*** Opening DATASET EXCERPTS ***

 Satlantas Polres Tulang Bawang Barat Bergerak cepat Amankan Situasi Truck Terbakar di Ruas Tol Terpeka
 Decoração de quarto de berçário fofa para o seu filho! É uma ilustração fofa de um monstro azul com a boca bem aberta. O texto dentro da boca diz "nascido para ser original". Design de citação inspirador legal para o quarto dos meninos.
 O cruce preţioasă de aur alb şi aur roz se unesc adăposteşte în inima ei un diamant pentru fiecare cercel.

*** Closing DATASET EXCERPTS ***
*** Opening DATASET EXCERPTS ***

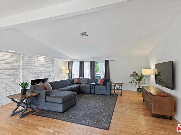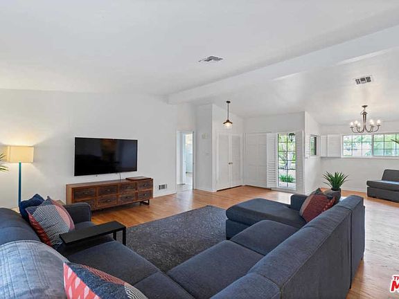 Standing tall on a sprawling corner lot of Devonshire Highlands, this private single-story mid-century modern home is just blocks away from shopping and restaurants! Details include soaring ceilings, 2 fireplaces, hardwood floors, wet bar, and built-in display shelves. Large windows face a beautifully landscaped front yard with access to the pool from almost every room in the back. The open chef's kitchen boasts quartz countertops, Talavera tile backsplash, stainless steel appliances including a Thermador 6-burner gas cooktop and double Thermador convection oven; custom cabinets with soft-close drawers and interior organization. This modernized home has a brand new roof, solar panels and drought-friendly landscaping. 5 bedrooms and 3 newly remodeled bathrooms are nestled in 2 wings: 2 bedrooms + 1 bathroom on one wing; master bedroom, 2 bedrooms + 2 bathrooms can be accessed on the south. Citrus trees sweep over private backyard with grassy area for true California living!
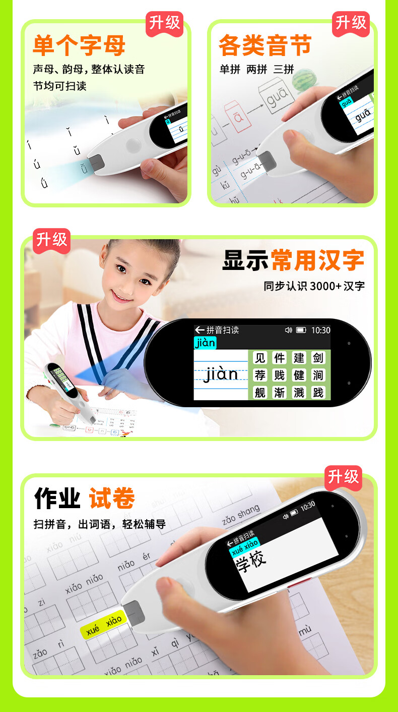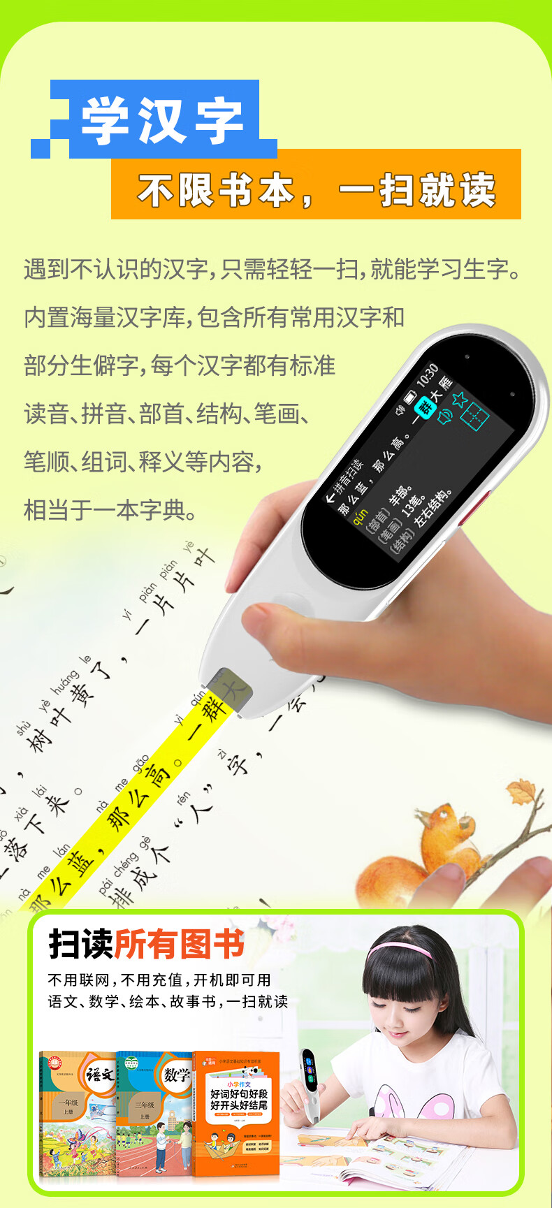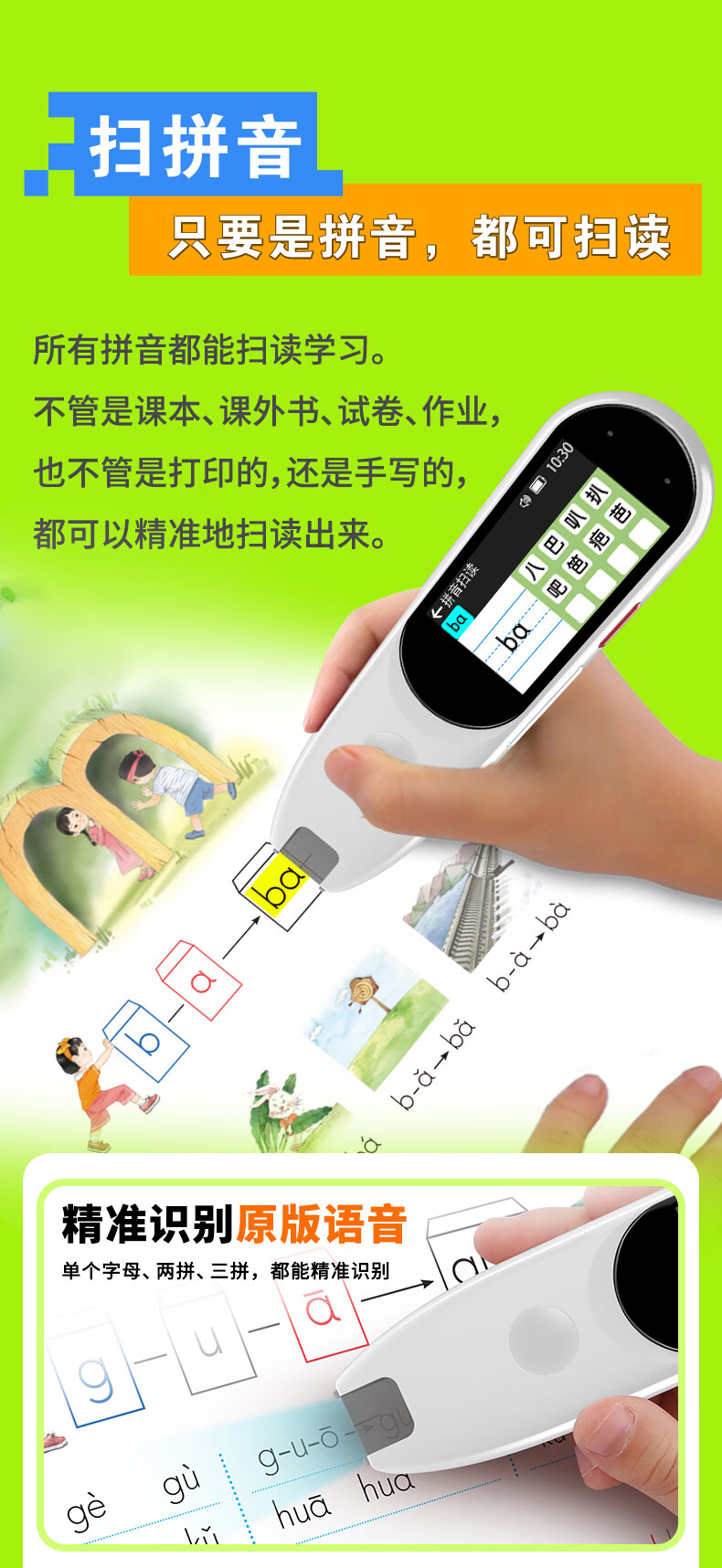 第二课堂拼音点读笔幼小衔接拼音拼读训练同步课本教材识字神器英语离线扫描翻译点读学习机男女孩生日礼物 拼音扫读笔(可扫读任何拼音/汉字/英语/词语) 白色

*** Closing DATASET EXCERPTS ***

REQUIRED WORK:
Retype exactly the lines of the data above that fall between the line with "Satlantas Polres Tulang" and the line with "O cruce preţioasă", inclusive, and add nothing.

RESULT OF THE EXERCISE:
 Satlantas Polres Tulang Bawang Barat Bergerak cepat Amankan Situasi Truck Terbakar di Ruas Tol Terpeka
 Decoração de quarto de berçário fofa para o seu filho! É uma ilustração fofa de um monstro azul com a boca bem aberta. O texto dentro da boca diz "nascido para ser original". Design de citação inspirador legal para o quarto dos meninos.
 O cruce preţioasă de aur alb şi aur roz se unesc adăposteşte în inima ei un diamant pentru fiecare cercel.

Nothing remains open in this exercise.